FN53. United States v. Navajo Nation, 537 U.S. 488, 511 n. 16, 123 S.Ct. 1079, 155 L.Ed.2d 60 (2003).

FN54. Mancari, 417 U.S. at 542 (stating that a purpose of the IRA was to promote greater tribal self-government).

FN55. Jicarilla Apache Tribe, 455 U.S. at 144; Babbitt Ford, 710 F.2d at 592.

5. Indian Preference Exemption in Section 703(I)

*8 EEOC urges the court to consider the Indian preference exemption in Section 703(I) of Title VII, and argues that because Congress exempted from Title VII only general employment preferences in favor of all Indians, it did not intend to exempt tribespecific preferences. The Indian preference exemption in § 703(I) states as follows:

Nothing contained in this subchapter shall apply to any business or enterprise on or near an Indian reservation with respect to any publicly announced employment practice of such business or enterprise under which preferential treatment is given to any individual because he is an Indian living on or near a reservation.FN56

FN56. 42 U.S.C. § 2000e–2(i).

EEOC interpreted the meaning and scope of this exception in a 1988 policy statement. It concluded in that policy statement that the exemption demonstrated Congress's intent to encourage employment opportunities to Indians generally, without allowing discrimination among different Indian tribes. FN57 The Ninth Circuit agreed with this interpretation of the 1988 policy statement in Dawavendewa I.FN58 As DOI points out, however, the 1988 policy statement does not address the specific issue in this case; namely, whether a tribe-specific hiring preference maintained by an employer complying with the terms of a DOI-approved lease for the development of the tribe's natural resources that are held in trust by the federal government is discrimination in the first place. As discussed above, the court concludes that such a preference is not unlawful national origin discrimination but a political classification and thus not within the scope of Title VII. While it is likely that Congress intended to only exempt Indian employment preferences in general and not tribe-specific preferences from Title VII in situations where an employer discriminates against members of a particular tribe without oversight or approval by the federal government, that is not the situation presented in this case.

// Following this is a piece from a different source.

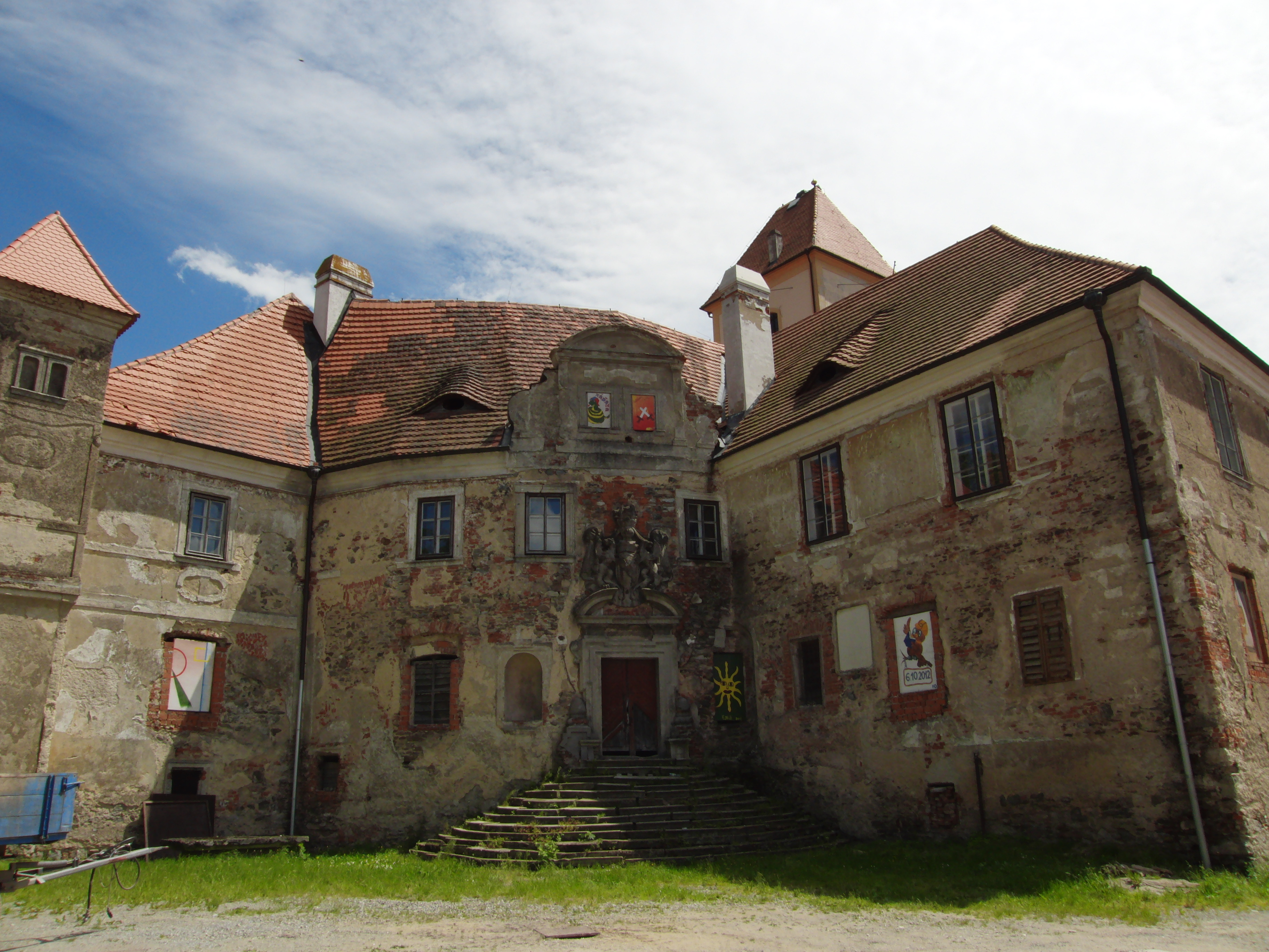 Poběžovice chateau (Domažlice district), cultural monument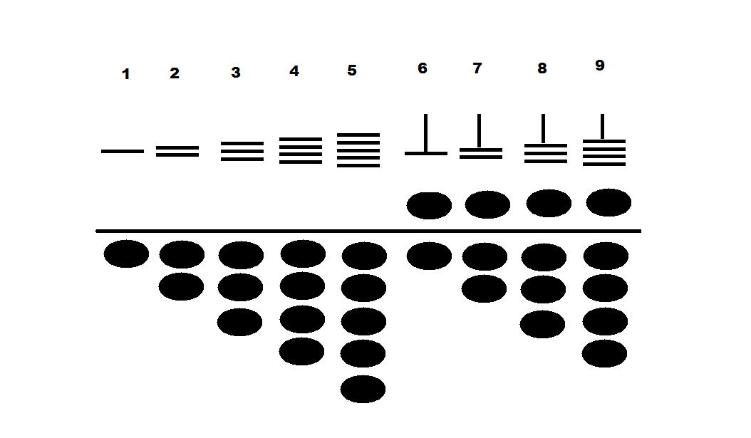 Suanpan --re-incarnation of counting rods

FN57. Dawavendewa I, 154 F.3d at 1121 (discussing the 1988 policy statement).

FN58. Id. at 1121–24.

Furthermore, the court cannot conclude that by only including an exemption in Title VII for Indian employment preferences in general, Congress implicitly intended to prohibit every type of tribe-specific employment preference. Implied repeals are disfavored .FN59 The DOI's practice of including tribe-specific employment preferences in mining leases dates back to before the passage of Title VII, and, as discussed above, such preferences are a part of the federal government's attempt to meet its various obligations towards the Nation and to foster tribal self-sufficiency, self-governance, and economic development. In addition, the Nation has located and identified at least 326 DOI-approved business leases on tribal lands within the last decade that include a tribespecific employment preference. Elimination of this longstanding and ubiquitous DOI practice would require a far more explicit showing of Congress's intention to do so than is reflected in § 703(I).

FN59. Mancari, 417 U.S. at 549–50.

V. CONCLUSION

For the reasons above, DOI's Third–Party Defendants' Motion for Summary Judgment as to Peabody Western Coal Company's Third–Party Complaint at docket 243 is hereby GRANTED, and the Nation's Renewed Motion to Dismiss, or in the alternative, Motion for Summary Judgment, on the Merits of Navajo Tribal Preference in Employment is hereby GRANTED. The Clerk of Court will please enter judgment dismissing plaintiff's claims with prejudice and dismissing all third-party claims and counterclaims without prejudice.

*9 DATED this 17th day of October 2012.